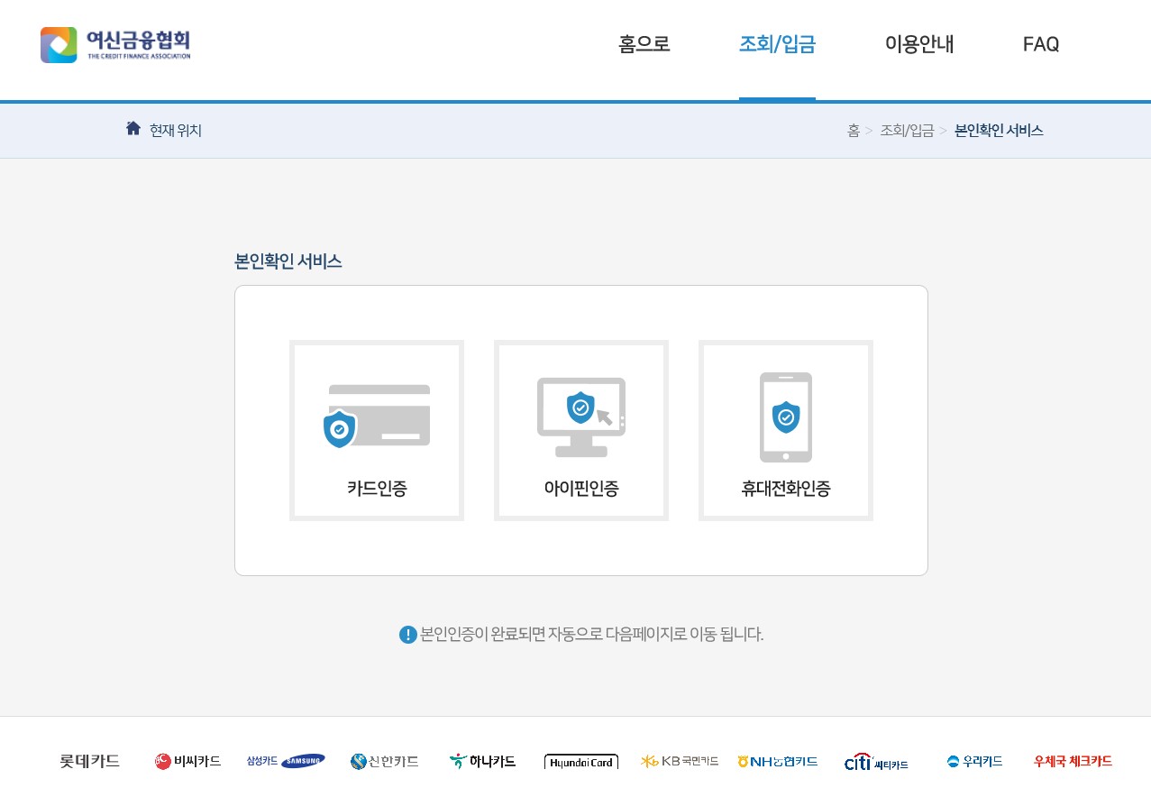 방법은 카드인증/아이핀인증/휴대전화인증 3가지 중 편한 것으로 선택하시면 됩니다.
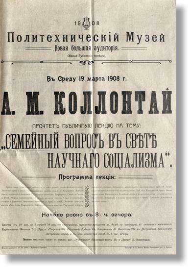 Афиши, объявления о выступлении А. М. Коллонтай с докладами и лекциями. 19 марта 1908 – 28 октября 1915. На русском, шведском и немецком языках. [РГАСПИ. Ф. 134. Оп. 1. Д. 30. Л. 5, 10, 12, 30]
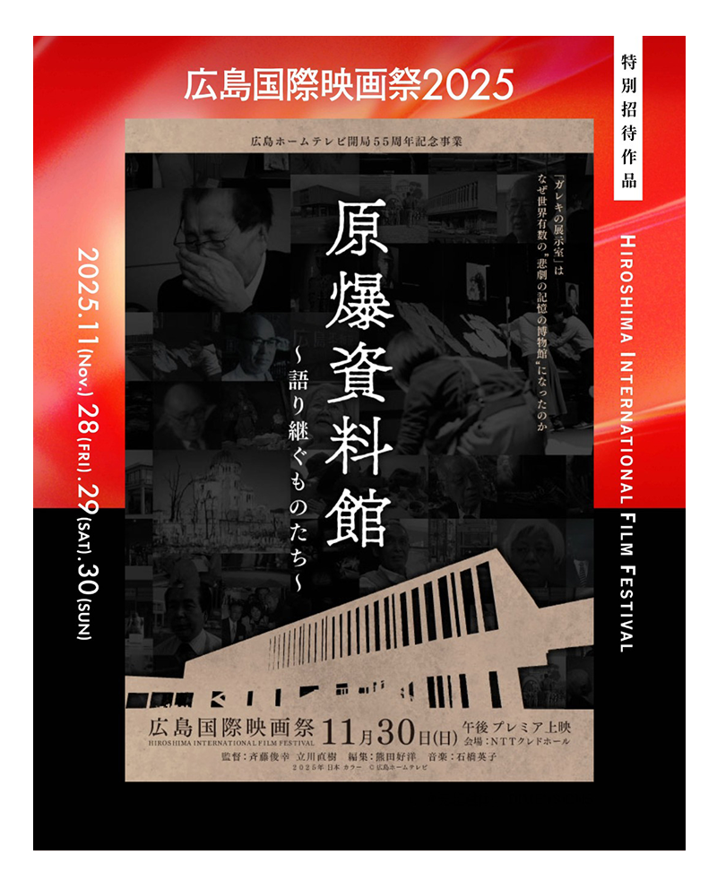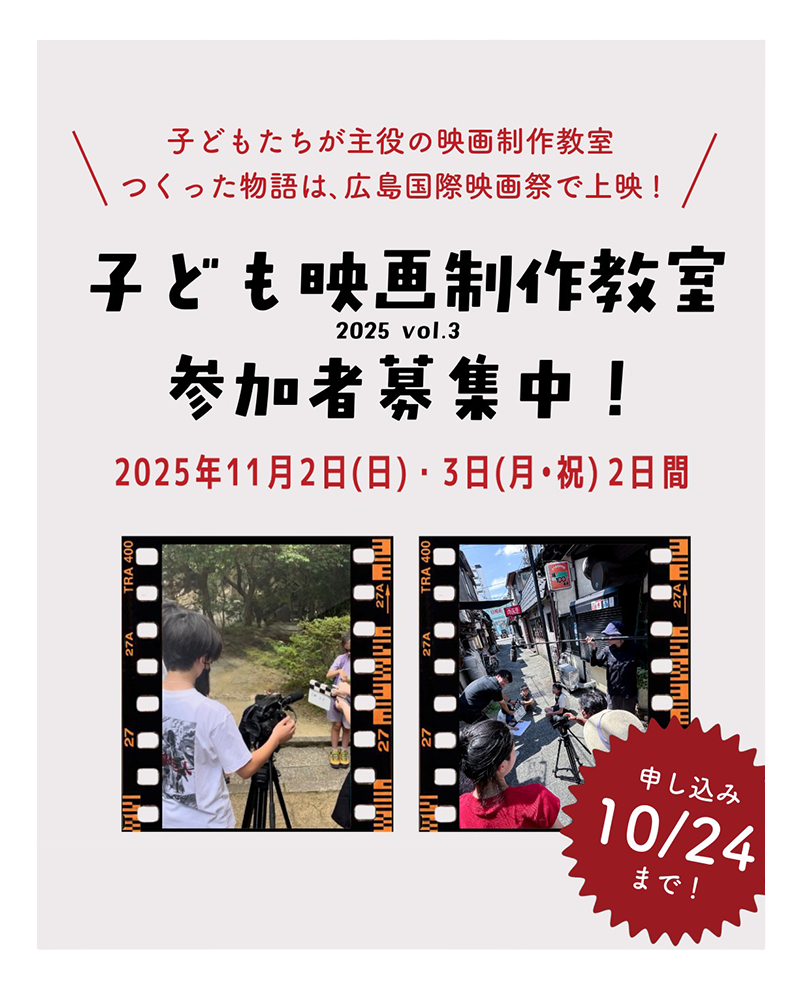 NEWSVIEW MOREVIEW MORE 2025.10.16 広島のもう一つの悲劇を見つめる映画 谷口広樹監督作品『神の島』 上映決定 2025.10.15 クロージング作品『原爆資料館 〜語り継ぐものたち〜』 ワールドプレミア上映決定 2025.10.14 ドキュメンタリー作品『日系カナダ人物語 A Nikkei Canadian Story』 2025.10.10 子ども映画制作教室2025 参加者募集! 2025.10.09 金子雅和監督最新作『光る川』上映決定 2025.10.08 広島出身・土井裕泰監督『片思い世界』をバリアフリー版として特別上映決定
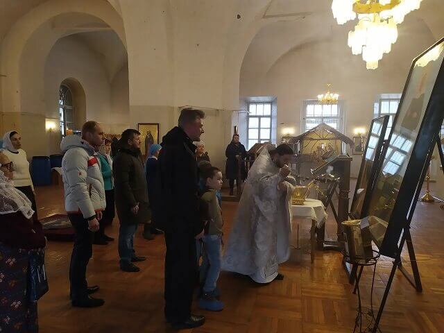 С радостью Святыни встретили иерей Роман Ступа и прихожане Тихвинского храма.

=-=-=-=-=

Problem to solve
Output precisely the lines in the material above from the line containing "Афиши, объявления о" through its last line, and omit pictures.

Answer to this exercise
 Афиши, объявления о выступлении А. М. Коллонтай с докладами и лекциями. 19 марта 1908 – 28 октября 1915. На русском, шведском и немецком языках. [РГАСПИ. Ф. 134. Оп. 1. Д. 30. Л. 5, 10, 12, 30]
 NEWSVIEW MOREVIEW MORE 2025.10.16 広島のもう一つの悲劇を見つめる映画 谷口広樹監督作品『神の島』 上映決定 2025.10.15 クロージング作品『原爆資料館 〜語り継ぐものたち〜』 ワールドプレミア上映決定 2025.10.14 ドキュメンタリー作品『日系カナダ人物語 A Nikkei Canadian Story』 2025.10.10 子ども映画制作教室2025 参加者募集! 2025.10.09 金子雅和監督最新作『光る川』上映決定 2025.10.08 広島出身・土井裕泰監督『片思い世界』をバリアフリー版として特別上映決定
 С радостью Святыни встретили иерей Роман Ступа и прихожане Тихвинского храма.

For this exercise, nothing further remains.